Why is this so difficult?
It is somewhat difficult to do something somewhat complicated :) In your case, one solution to set the dir where numpy is installed is to use the env variable PYTHONPATH.
But installing software is typically easy for Windows users. IMO, the difficulty of installing Linux applications is a huge barrier to wider adoption of Linux. I started trying Linux in 1994, and stopped using Windows entirely in 1999. I'm old (66), and becoming dumber as my brain shrinks, but I'm still reasonably sharp (or so I like to think). Over the years, NumPy and SciPy have been very difficult to install for me using SUSE (the SUSE developers have different ideas of what paths should be from most of the rest of the world. If I were King I'd lock 'em all in a room and tell them that if they could not agree on a directory structure for Linux in 48 hours, they would all be killed. Impending death tends to focus attention on the problem.) Two of my two closest friends have advanced degrees. One is a PhD in orbital mechanics from UCSD, and the other did everything for a PhD in computer science but complete his thesis. Both have tried Linux repeatedly, but found it to require more effort to install and maintain than they are willing to expend. If people of this caliber are repelled by Linux, I think developers need to wake up and smell the coffee. When people with PhDs in science are turned off by the difficulty the problem needs to be addressed.

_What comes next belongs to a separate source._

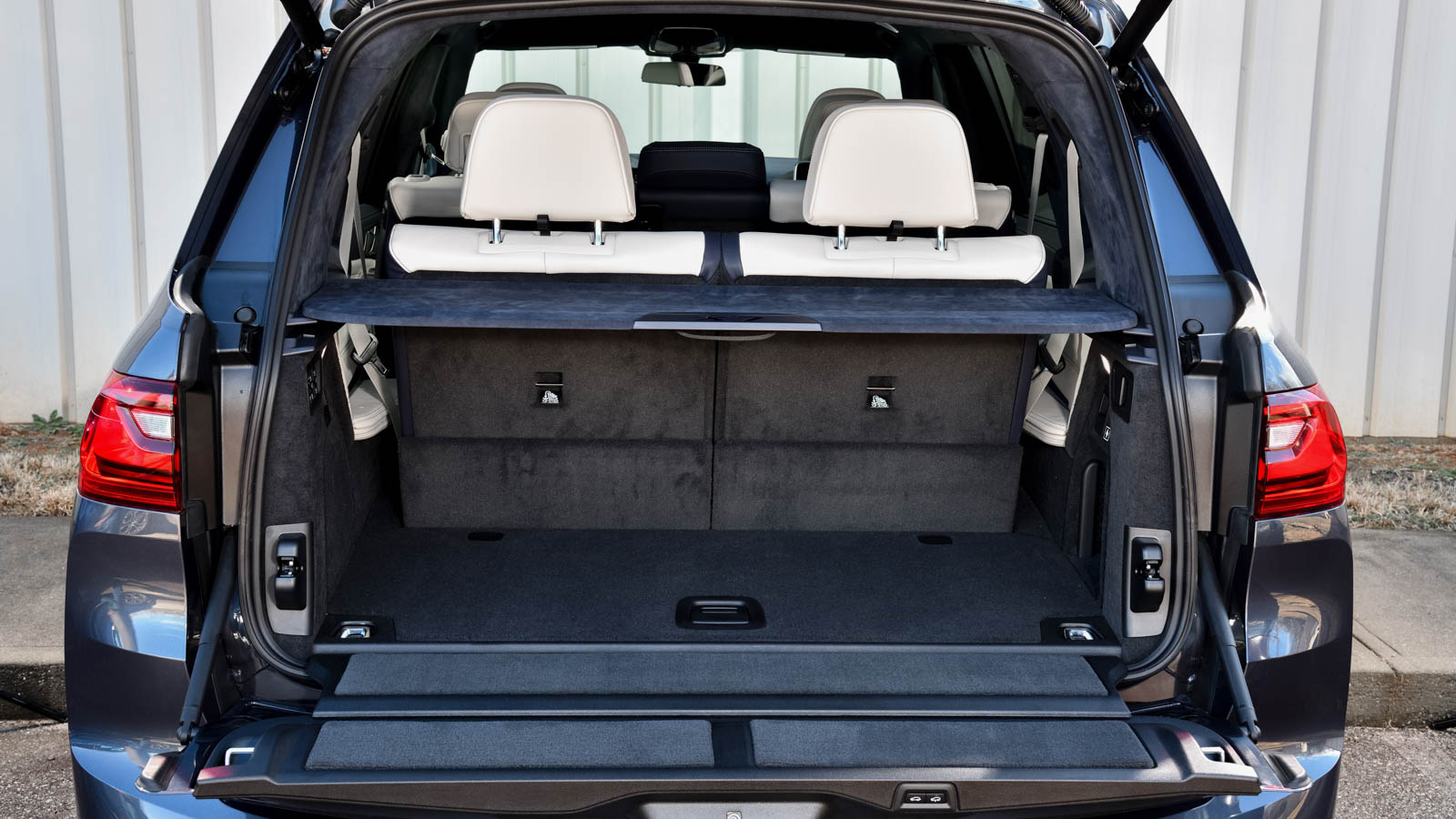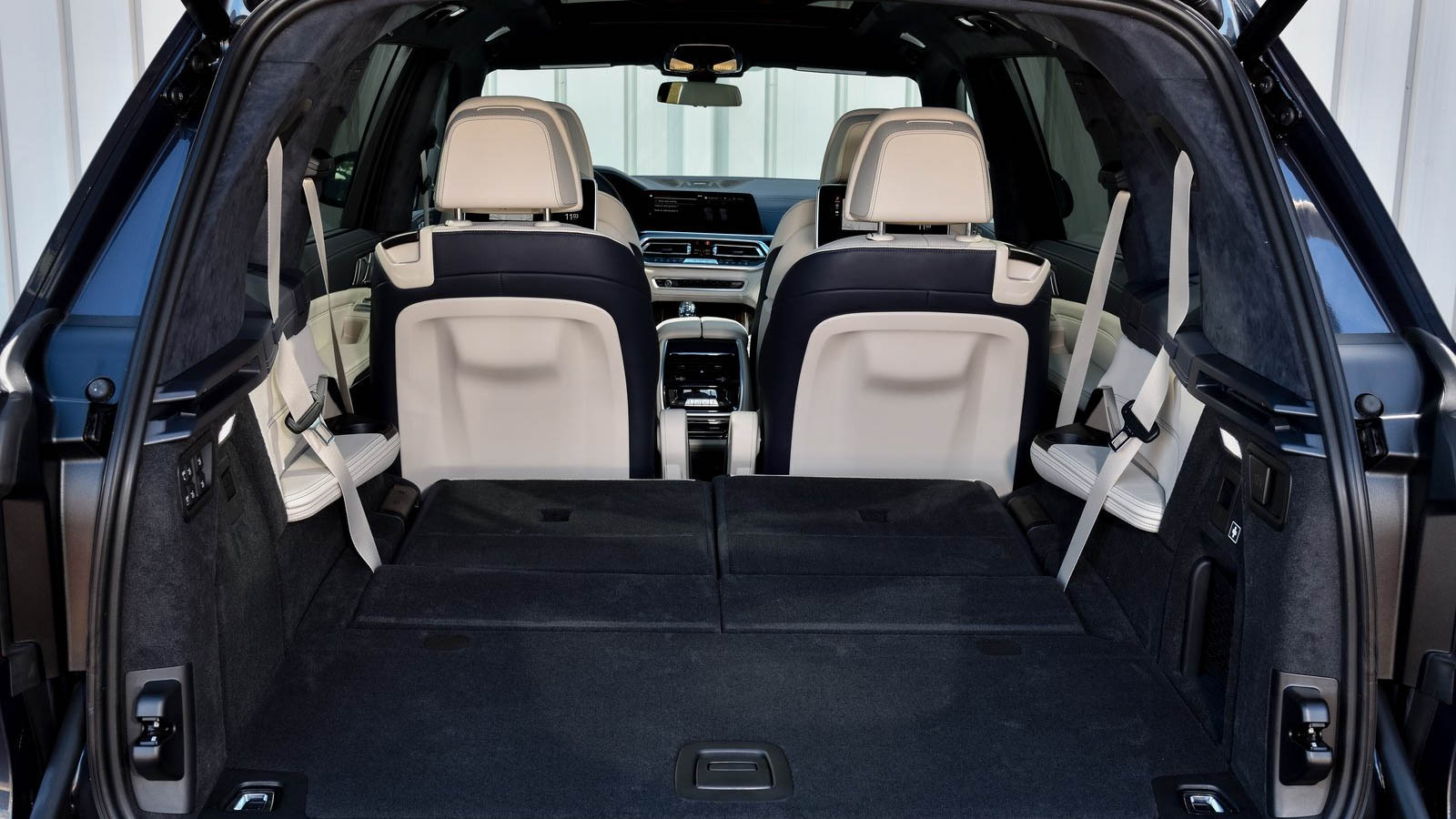 El maletero del BMW X7 llega a los 750 litros si se despliegan 5 plazas. Sus formas son muy cúbicas y utilizables, cuenta con varios puntos de anclaje y es muy modulable al poder abatir 5 de sus 7 plazas de forma individual.

To check which numpy you use, you can simply do a import numpy; print numpy, which should print the full path,
import numpy print numpy <module 'numpy' from '/usr/lib/python2.5/site-packages/numpy/__init__.pyc'>
What am I to make of this? Is it the rpm numpy or is it the numpy I built using the Intel compiler and MKL? Thanks for the reply, but I'm still confused. -rex -- "When asked, as I frequently am, why I should concern myself so deeply with the conservation of animal life, I reply that I have been very lucky and that throughout my life the world has given me the most enormous pleasure. But the world is as delicate and as complicated as a spider's web. If you touch one thread you send shudders running through all the other threads. We are not just touching the web we are tearing great holes in it." Gerald Durrell 1925-1995.